To-morrow I shall set out to visit my disconsolate fair one. From my very soul I pity her, and wish I could have preserved her virtue consistently with the indulgence of my passion. To her I lay not the principal blame, as in like cases I do the sex in general. My finesse was too well planned for detection, and my snares too deeply laid for any one to escape who had the least warmth in her constitution, or affection in her heart. I shall, therefore, be the less whimsical about a future connection, and the more solicitous to make her reparation, should it ever be in my power.

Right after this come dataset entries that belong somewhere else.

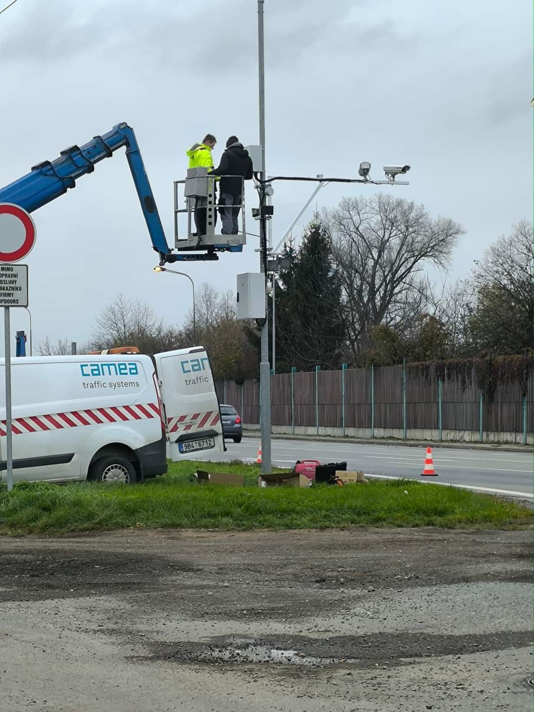 Dnes montovaná nová usekovka na I/50 na 70 v křižovatce Míkovice/Vésky 49.0413284N, 17.5020646E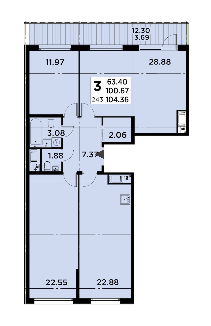 - Площадь104,36 м2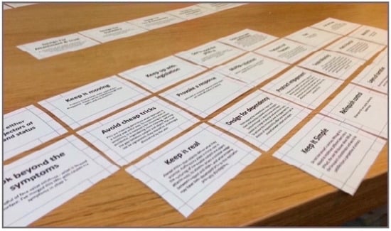 - Martin, B.; Hanington, B. Universal Methods of Design: 100 Ways to Research Complex Problems, Develop Innovative Ideas, and Design Effective Solutions; Rockport Publishers: Beverly, MA, USA, 2012. [Google Scholar]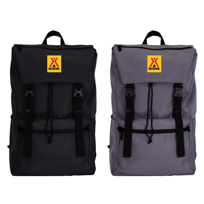 The Nomad Buckle Backpack: a nomadic marvel with a 600*600D/PU RPET body and 210D/PU 100% polyester grey lining. Its pull cord top opening and padded laptop sleeve (fits 17 laptops) ensure easy access and secure storage. The flap over, secured with buckles and webbing, houses a zipper front pocket. Additional features include a front zip pouch, two side water bottle pockets, adjustable padded straps, and a trolley strap. Elevate your style while embracing friendly fashion with this versatile, compact backpack.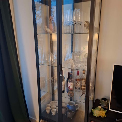 IKEA Milsbo vitrineskab. Har få brugsspor. Sælges uden nøgle, men den kan fåes i IKEA hvis det ønskes. Sælges pga flytning og sælges uden indhold.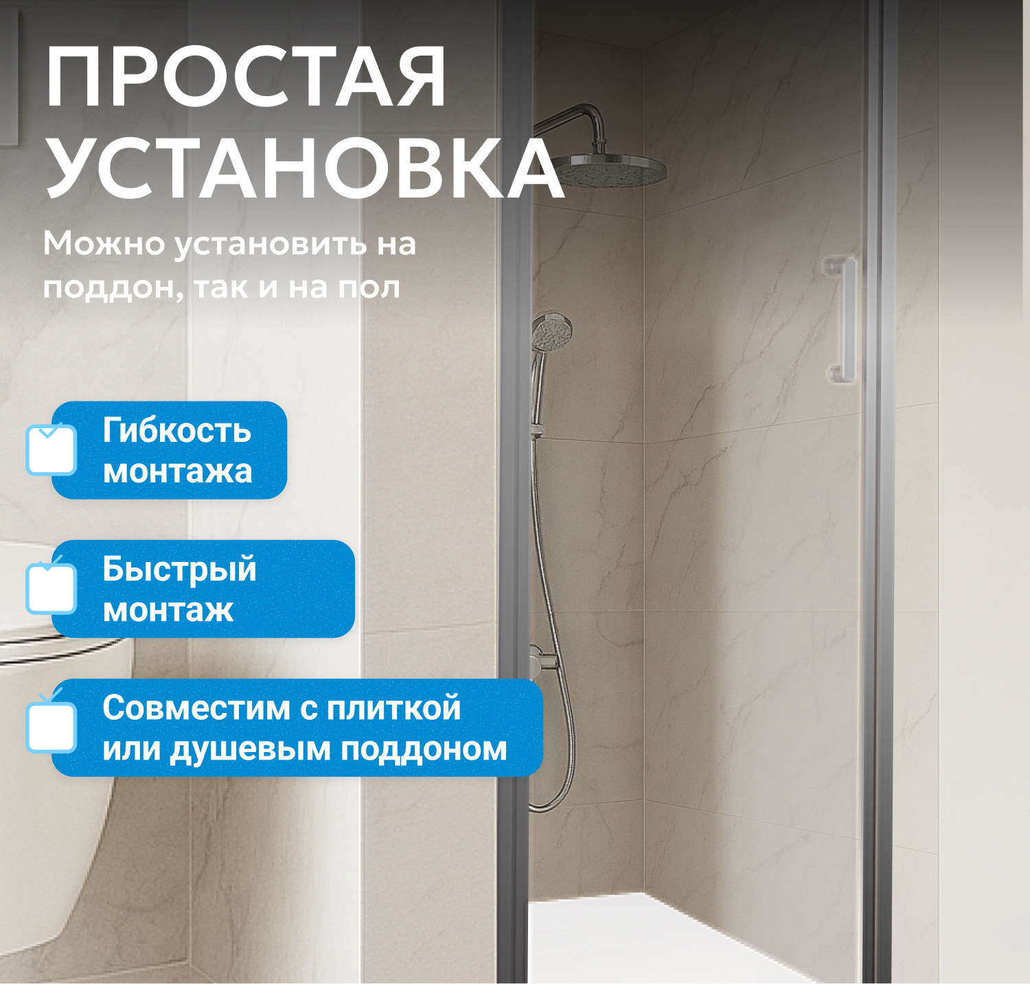 - возможна установка на пол и на поддон, поддон приобретается отдельно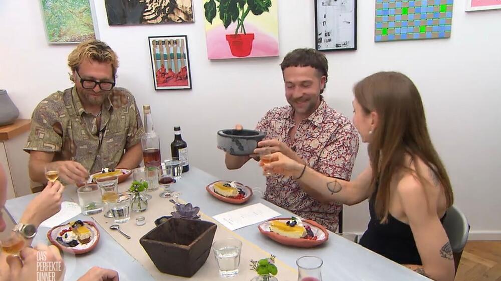 Als Dustin auch noch Maries Nachspeise - Malabi mit Pflaumen-Estragon-Sirup - als "Möchtegern-Panacotta" und "schwächsten Gang" bezeichnet, streicht ihm die Gastgeberin kurzerhand den Wein. Ernst ist das jedoch nicht gemeint. So sammelt Marie auch von Dustin neun Punkte und sichert sich insgesamt starke 37 Punkte und vorläufig Platz eins.

Her friends are all in arms about her. I dare say I have the imprecations of the whole fraternity. They may thank themselves in part, for I always swore revenge for their dislike and coldness towards me. Had they been politic, they would have conducted more like the aborigines of the country, who are said to worship the devil out of fear.
I am afraid I shall be obliged to remove my quarters, for Eliza was so great a favorite in town that I am looked upon with an evil eye. I pleaded with her, before we parted last, to forgive my seducing her, alleged my ardent love, and my inability to possess her in any other way. “How,” said she, “can that be love which destroys its object? But granting what you say, you have frustrated your own purpose. You have deprived yourself-of my society, which might have been innocently enjoyed. You have cut me off from life in the midst of my days. You have rendered me the reproach of my friends, the disgrace of my family and a dishonor to virtue and my sex. But I forgive you,” added she. “Yes, Sanford, I forgive you, and sincerely pray for your repentance and reformation. I hope to be the last wretched female sacrificed by you to the arts of falsehood and seduction. May my unhappy story serve as a beacon to warn the American fair of the dangerous tendency and destructive consequences of associating with men of your character, of destroying their time and risking their reputation by the practice of coquetry and its attendant follies. But for these I might have been honorably connected, and capable, at this moment, of diffusing and receiving happiness. But for your arts I might have remained a blessing to society, as well as the delight and comfort of my friends. You being a married man unspeakably aggravates both your guilt and mine. This circumstance annexes indelible shame to our crime. You have rent asunder the tenderest ties of nature. You have broken the bonds of conjugal love, which ought ever to be kept sacred and inviolate. You have filled with grief and discontent the heart of your amiable wife, whom gratitude, if no other principle, should have induced you to cherish with tenderness; and I, wretch that I am, have been your accomplice. But I cease to reproach you. You have acted but too consistently with the character which I was sufficiently apprised you sustained. The blame, then, may be retorted on myself, for disregarding the counsels, warnings, and admonitions of my best friends. You have prided yourself in the character of a libertine. Glory no longer in your shame. You have accomplished your designs, your dreadful designs, against me. Let this suffice. Add not to the number of those deluded creatures who will one day rise up in judgment against you and condemn you.”